> Task item: Only the lines below from the one that contains "Vor der Nutzung" through the one that contains "Tapiz de pared" should appear in your answer, exact and without pictures.
### Input data ###
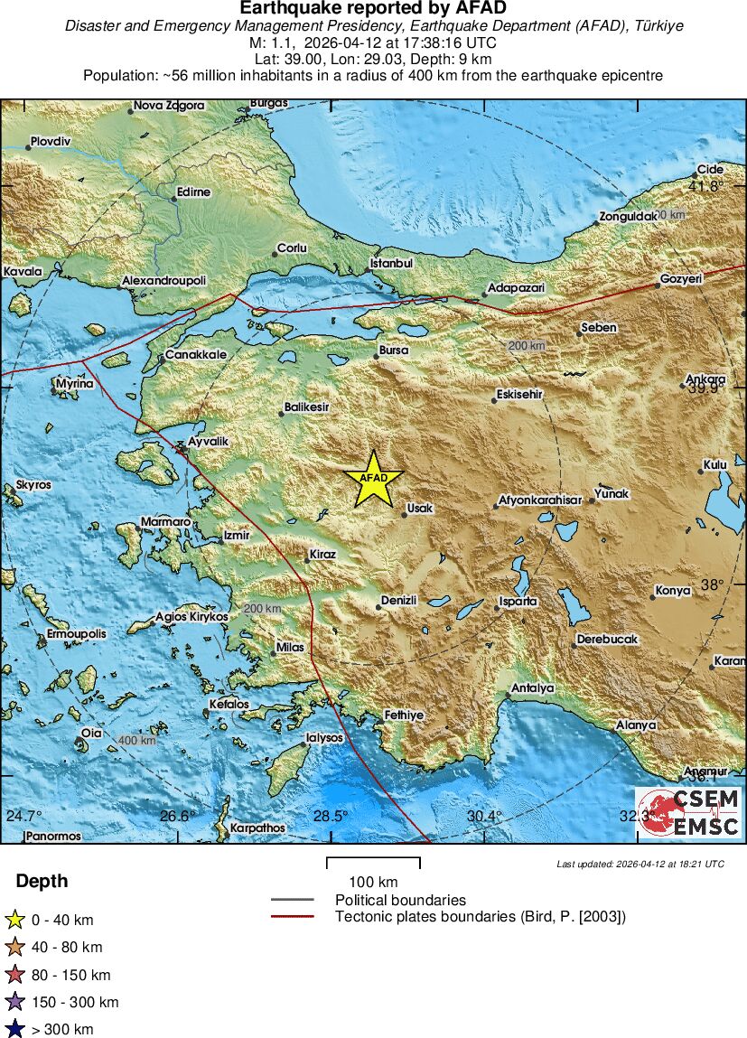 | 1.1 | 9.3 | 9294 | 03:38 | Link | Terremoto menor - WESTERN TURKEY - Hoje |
###
### Input data ###
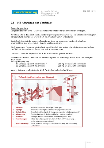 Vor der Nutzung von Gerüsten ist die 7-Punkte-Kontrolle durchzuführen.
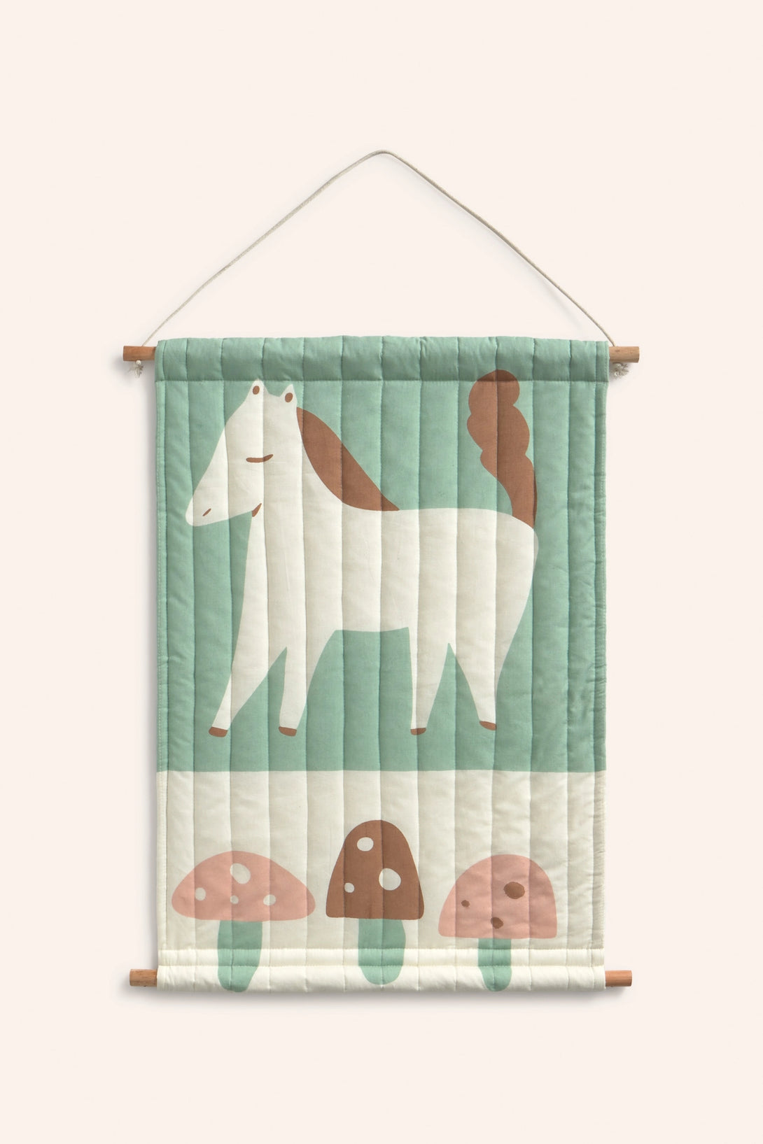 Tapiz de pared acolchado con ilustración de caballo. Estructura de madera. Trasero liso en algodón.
###
> Solution below:
 Vor der Nutzung von Gerüsten ist die 7-Punkte-Kontrolle durchzuführen.
 Tapiz de pared acolchado con ilustración de caballo. Estructura de madera. Trasero liso en algodón.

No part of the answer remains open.